WHAT YOU ARE ASKED TO DO: Your answer should be the lines below from the one holding "A couple weeks" through the one holding "- 為替(G10通貨)はUS", copied exactly and with nothing else.

PROVIDED RECORDS:
◆ ◆ ◆ ◆ ◆ ◆ ◆

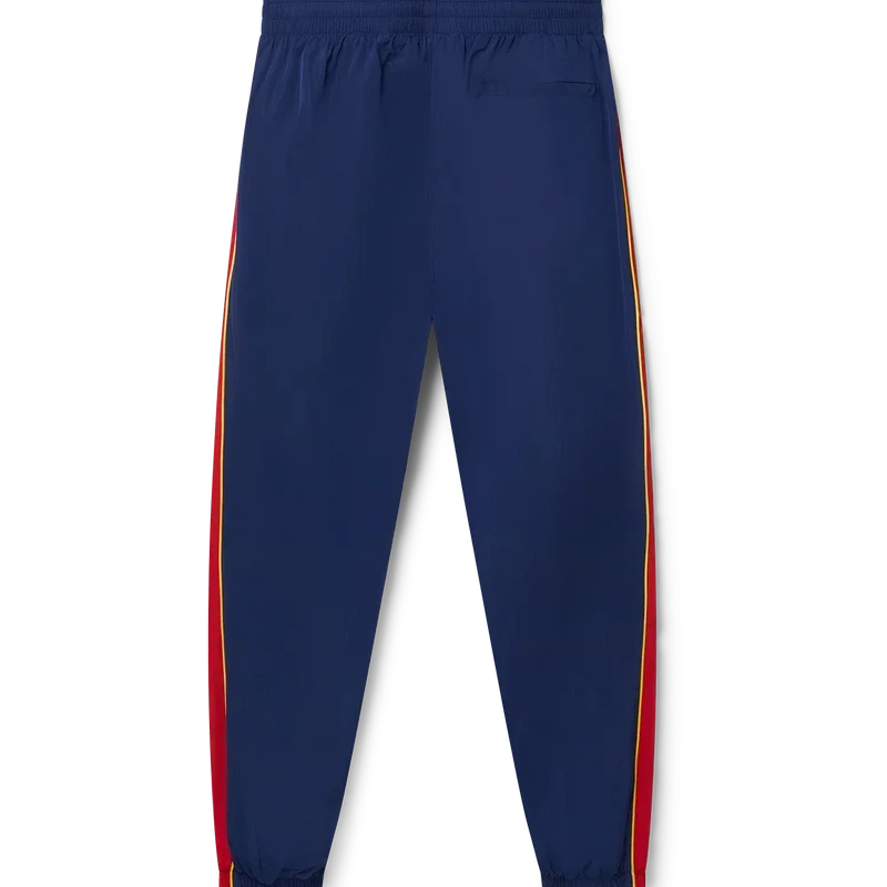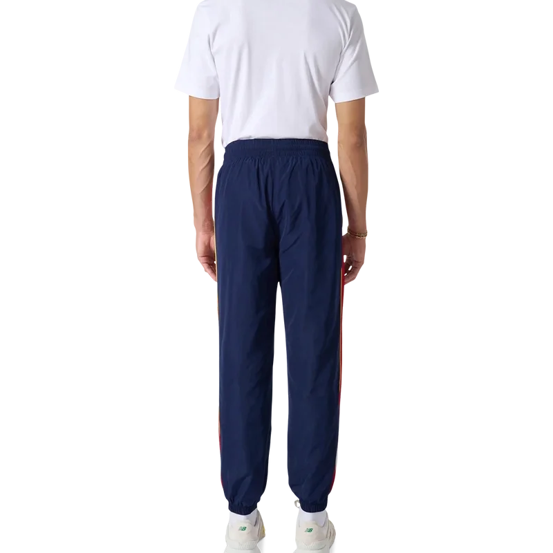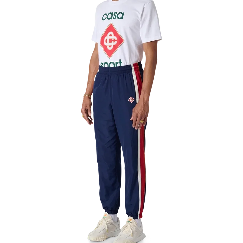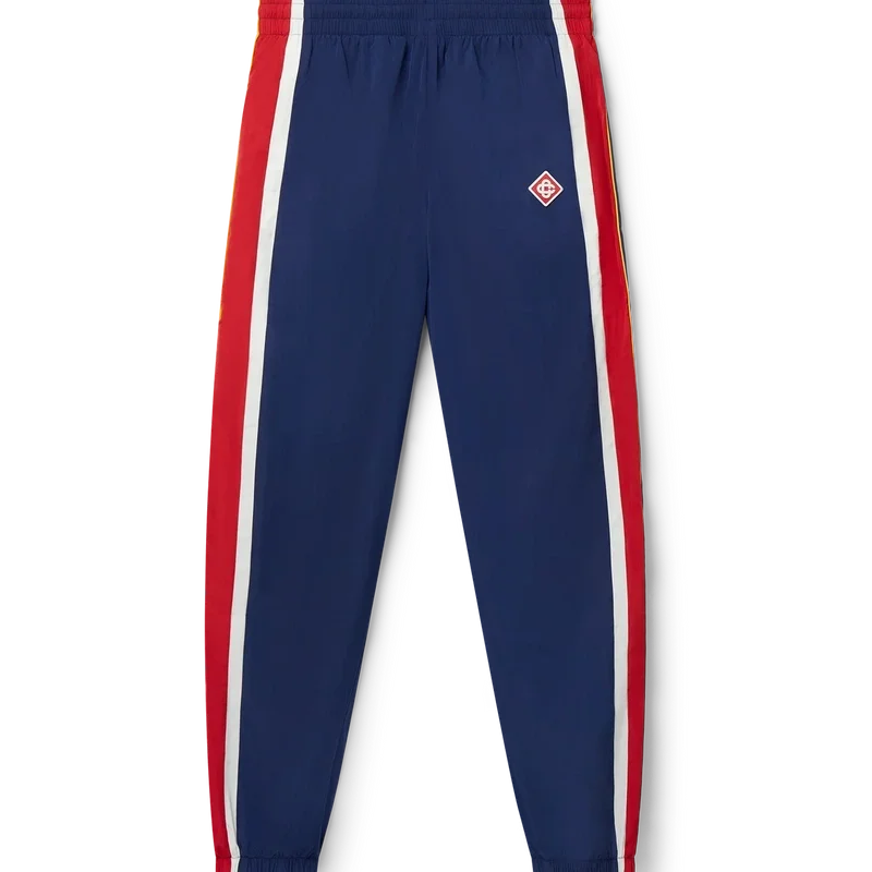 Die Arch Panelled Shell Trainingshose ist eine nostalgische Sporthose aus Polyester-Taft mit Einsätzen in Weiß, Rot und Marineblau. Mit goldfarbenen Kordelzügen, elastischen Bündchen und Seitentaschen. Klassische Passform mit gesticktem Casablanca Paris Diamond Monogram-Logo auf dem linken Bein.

◆ ◆ ◆ ◆ ◆ ◆ ◆

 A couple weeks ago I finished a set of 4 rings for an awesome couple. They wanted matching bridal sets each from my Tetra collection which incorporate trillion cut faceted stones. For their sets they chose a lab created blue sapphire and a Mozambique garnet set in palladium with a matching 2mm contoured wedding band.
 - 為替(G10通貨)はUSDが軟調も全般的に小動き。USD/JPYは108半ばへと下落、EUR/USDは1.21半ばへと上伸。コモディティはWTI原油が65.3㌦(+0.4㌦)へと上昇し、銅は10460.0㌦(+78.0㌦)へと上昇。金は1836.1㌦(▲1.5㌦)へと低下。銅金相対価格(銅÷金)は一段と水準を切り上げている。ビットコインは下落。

◆ ◆ ◆ ◆ ◆ ◆ ◆

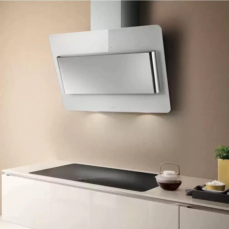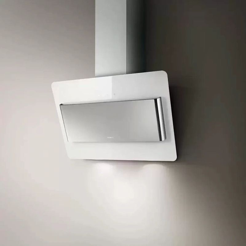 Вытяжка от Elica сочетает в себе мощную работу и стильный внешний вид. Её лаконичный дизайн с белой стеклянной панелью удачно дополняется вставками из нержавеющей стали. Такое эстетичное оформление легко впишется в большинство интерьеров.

◆ ◆ ◆ ◆ ◆ ◆ ◆

OUTPUT OF THE TASK:
 A couple weeks ago I finished a set of 4 rings for an awesome couple. They wanted matching bridal sets each from my Tetra collection which incorporate trillion cut faceted stones. For their sets they chose a lab created blue sapphire and a Mozambique garnet set in palladium with a matching 2mm contoured wedding band.
 - 為替(G10通貨)はUSDが軟調も全般的に小動き。USD/JPYは108半ばへと下落、EUR/USDは1.21半ばへと上伸。コモディティはWTI原油が65.3㌦(+0.4㌦)へと上昇し、銅は10460.0㌦(+78.0㌦)へと上昇。金は1836.1㌦(▲1.5㌦)へと低下。銅金相対価格(銅÷金)は一段と水準を切り上げている。ビットコインは下落。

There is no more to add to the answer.